What can you say about the motion of an object with velocity vector perpendicular to position vector? Can you say anything about it at all?

I know that velocity is always perpendicular to the position vector for circular motion and at the endpoints of elliptical motion. Is there a general statement that can be made about the object's motion when the velocity is perpendicular to position?

Solution 1:

If you are constrained to move in a plane, then yes, circular motion is the only possibility. To see this, let $(x(t), y(t))$ be the coordinates at time $t$ on the path. The condition is $$x\frac{dx}{dt} + y\frac{dy}{dt} = 0$$ Integrate with respect to $t$: $$\int x\frac{dx}{dt}dt + \int y\frac{dy}{dt}dt = \int 0\,dt\\\frac {x^2}2 + \frac{y^2}2 = C$$ which is the equation of a circle.

So your path has to move around the circle. But that doesn't mean the path itself is a circle. It can speed up. It can slow down.
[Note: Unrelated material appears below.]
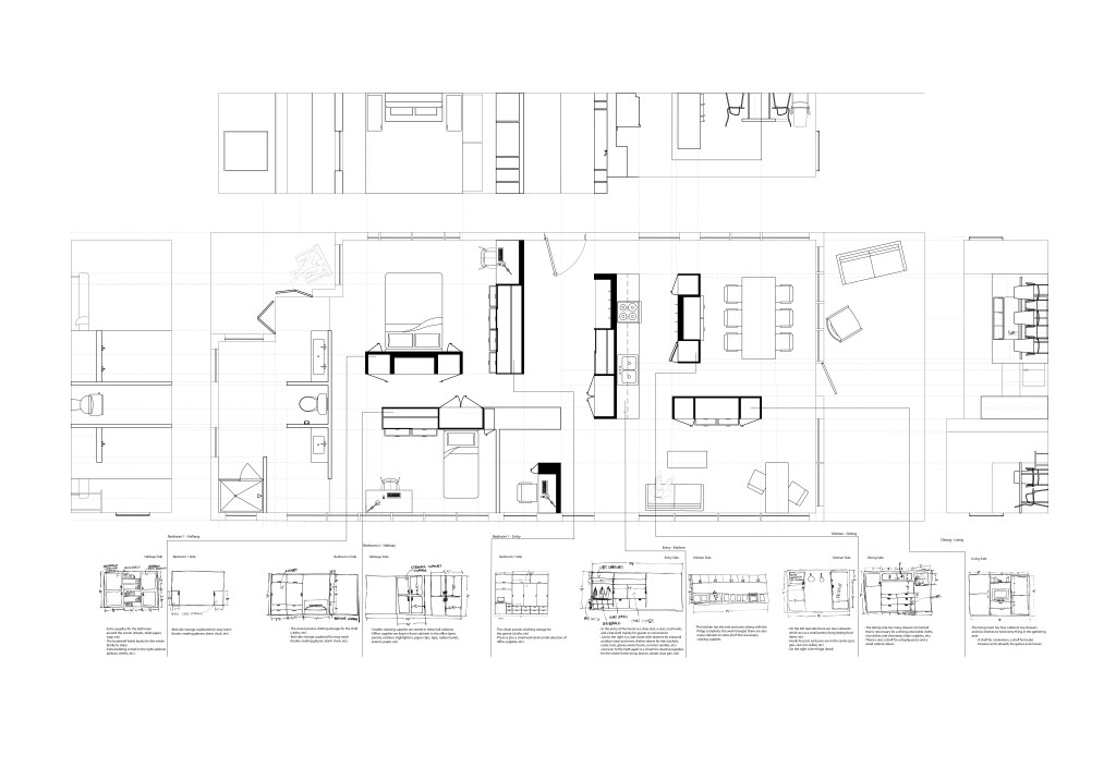 While the project began as an exercise in proportions and scale of living arrangements for a small family, it transitioned into an investigation of sliding planes and the study of privacy. How do you define spaces and create privacy once you remove the doors? What happens when the only walls that remain are functional to the home and not only for separation?

It can stop and reverse direction, all without violating the perpendicularity condition (when it is stopped, the velocity is $0$, whose inner product with the position vector is still $0$ - this stretches the definition of "perpendicular" a bit, but generally it's allowed, as the physical objects being modelled occasionally do stop).

In three dimensions, a similar calculation shows you that the motion is constrained to some sphere. But you can move in all sorts of ways on a sphere that do not qualify as "circular".